No puedes asumir que todo lo comprado durante el matrimonio es automáticamente tuyo o suyo. En Perú, lo que determina la titularidad son tres ejes: el régimen matrimonial (si habían capitulaciones matrimoniales que alteran la sociedad), el origen del dinero o del bien (donación, herencia, dinero propio) y la prueba de la contribución económica o de la intención de destinar el bien a la sociedad.
Si existieron capitulaciones matrimoniales ante notario y fueron inscritas en Registros Públicos, éstas pueden excluir ciertos bienes de la sociedad. Si no hay capitulaciones, prima la presunción de comunión sobre los bienes adquiridos durante el matrimonio. Sin embargo, hay explicaciones prácticas: un inmueble comprado con dinero heredado o donado a uno de los cónyuges puede conservar su carácter de propio, si se prueba el origen. Las pruebas son documentales: títulos, certificados bancarios, contratos de donación o testamentos.

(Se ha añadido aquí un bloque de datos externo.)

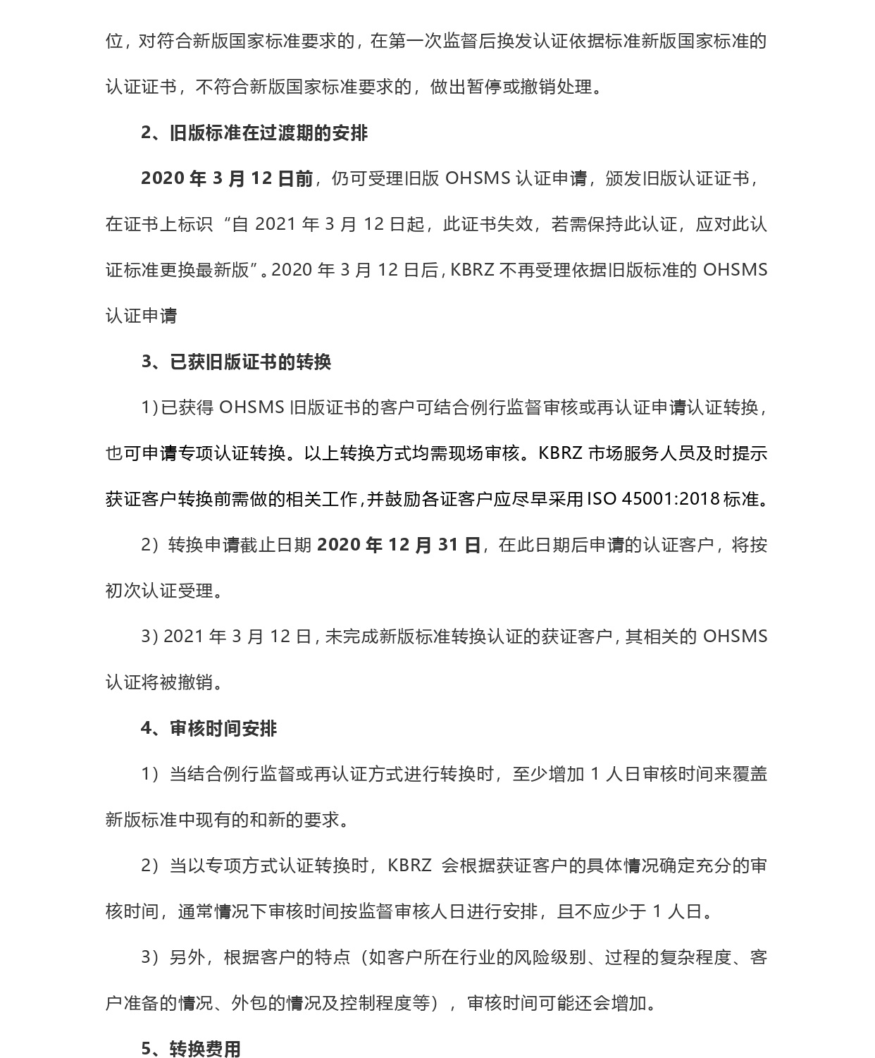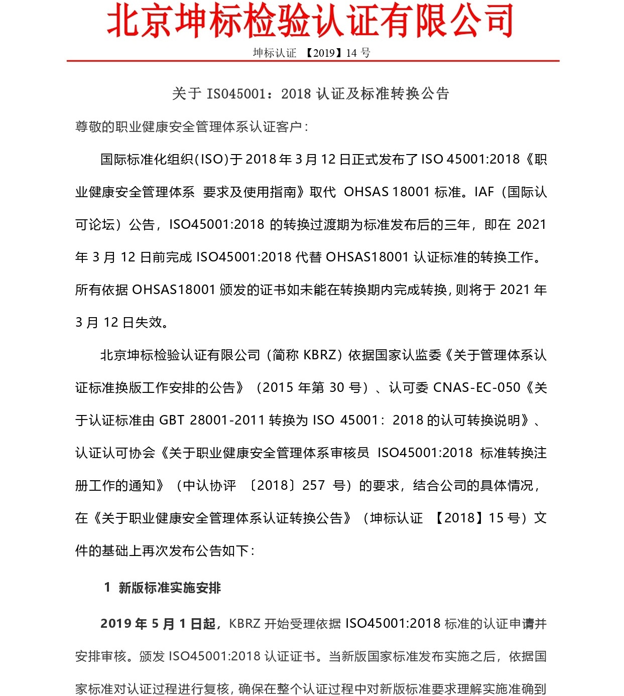 關于職業健康安全管理體系認證轉換公告

La tercera cuestión es la convivencia práctica: si el bien fue usado como instrumento del negocio familiar o los fondos se mezclaron con la economía común, esa mezcla complica las alegaciones de propiedad exclusiva.
Cómo se soluciona
1) Reúne documentación. Copia de partida de matrimonio, capitulaciones matrimoniales si las hubo, títulos de propiedad, boletas de pago, comprobantes de transferencia, contratos de compraventa y extractos bancarios que muestren el origen del pago.
2) Identifica el régimen aplicable. Consulta el asiento registral y, si hay capitulaciones, pídeles a la notaría la copia para ver qué se pactó.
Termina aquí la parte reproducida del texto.